Page MenuHomePhabricator

Problems with search in newish wikibase instance
Closed, ResolvedPublicBUG REPORT


Steps to replicate the issue (include links if applicable):

What happens?:

  • I notice similar behavior in type-ahead search
  • Mouse over behavior on recent changes throws up an error popup in holding over items that don't seem to be in the search index.
  • I can't find any correlation to when the items were written.
  • Some items eventually turn up in search.
  • No problems retrieving items via SPARQL
  • No problems accessing items with WikibaseIntegrator and modifying

What should have happened instead?:

Software version (skip for WMF-hosted wikis like Wikipedia):

Other information (browser name/version, screenshots, etc.):

Event Timeline

Restricted Application added a subscriber: Aklapper. · View Herald Transcript

Right now, there are 8k+ MediaWiki jobs in the queue for I started a job to process these (which likely resolves the issue):

$ ./                                                                                                             production
job.batch/run-all-mw-jobs-vbrnn created

Thank you for taking a look at this issue. A bunch of items that I pushed yesterday evening seem to be coming up in search just fine as well. I assume that regular processing for the search index should happen automatically and be close to real time. I built infrastructure years ago between MongoDB and Elasticsearch where we had to deal with scaling issues of keeping an index up to date in real time with the data store. I haven't dug enough into your architecture here yet to understand it, but I can imagine it's a challenge.

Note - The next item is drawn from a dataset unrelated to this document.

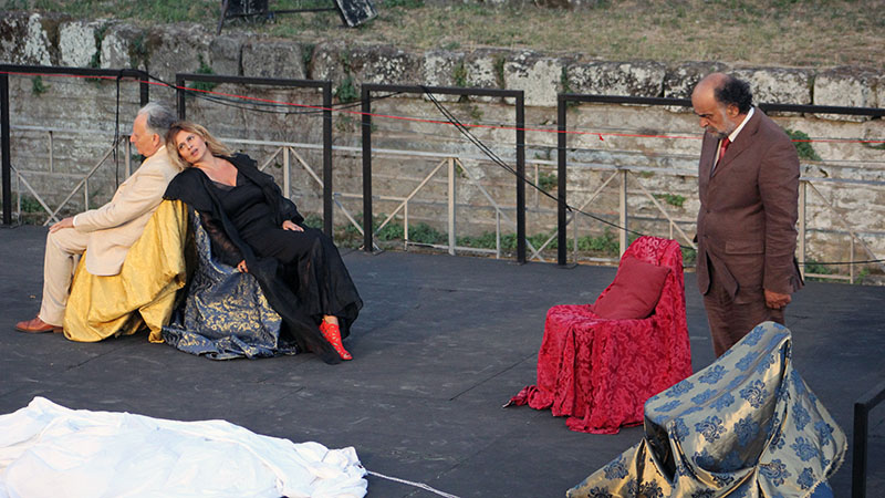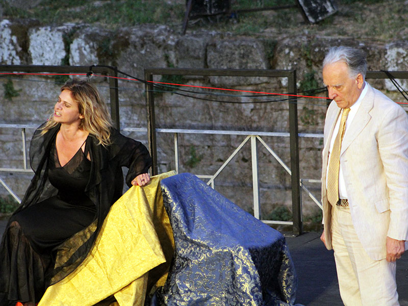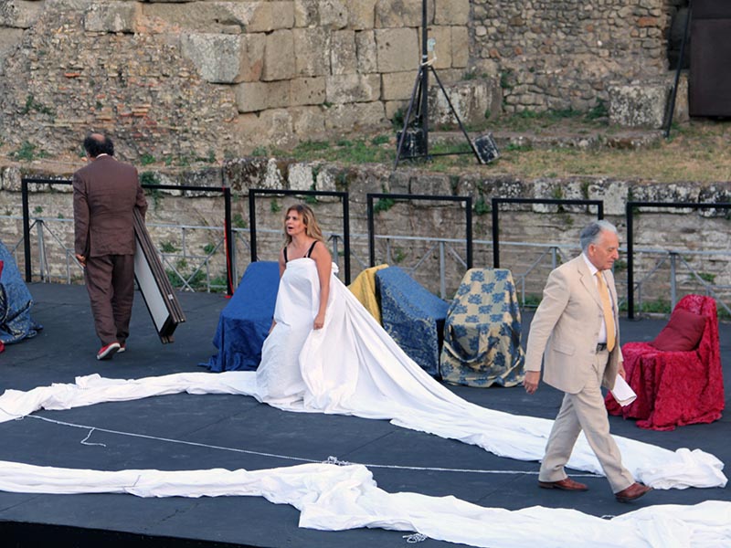 Fare teatro nel post-covid è un'emergenza tutta da raccontare, ma il racconto, in questo caso, si può ancora fare sul palco: la scelta minimale, un testo completamente rivisto, anche per evitare contatti ed abbracci che sarebbero normali in uno spettacolo che descrive l'attrazione distruttiva tra due amanti, e il vento, che giovedì ha deciso di non abbandonare mai il palco dell'antico teatro romano.

I'm super stoked about what you guys are doing with this project! I look forward to continuing to leverage it in our use cases and contribute where I can. Way cool!

@Skybristol There is another ticket about that architectural issue you are mentioning in case you are interested in following along:

This is continuing to be an issue for me on another use case I am working through. I'm building out information associated with the Facility Registration System operated by the US Environmental Protection Agency. This information is incompletely and inadequately organized into Wikidata, so I am working on methods to process source data and organize into items. I've started on the two classification systems in use which are also incompletely referenced in Wikidata.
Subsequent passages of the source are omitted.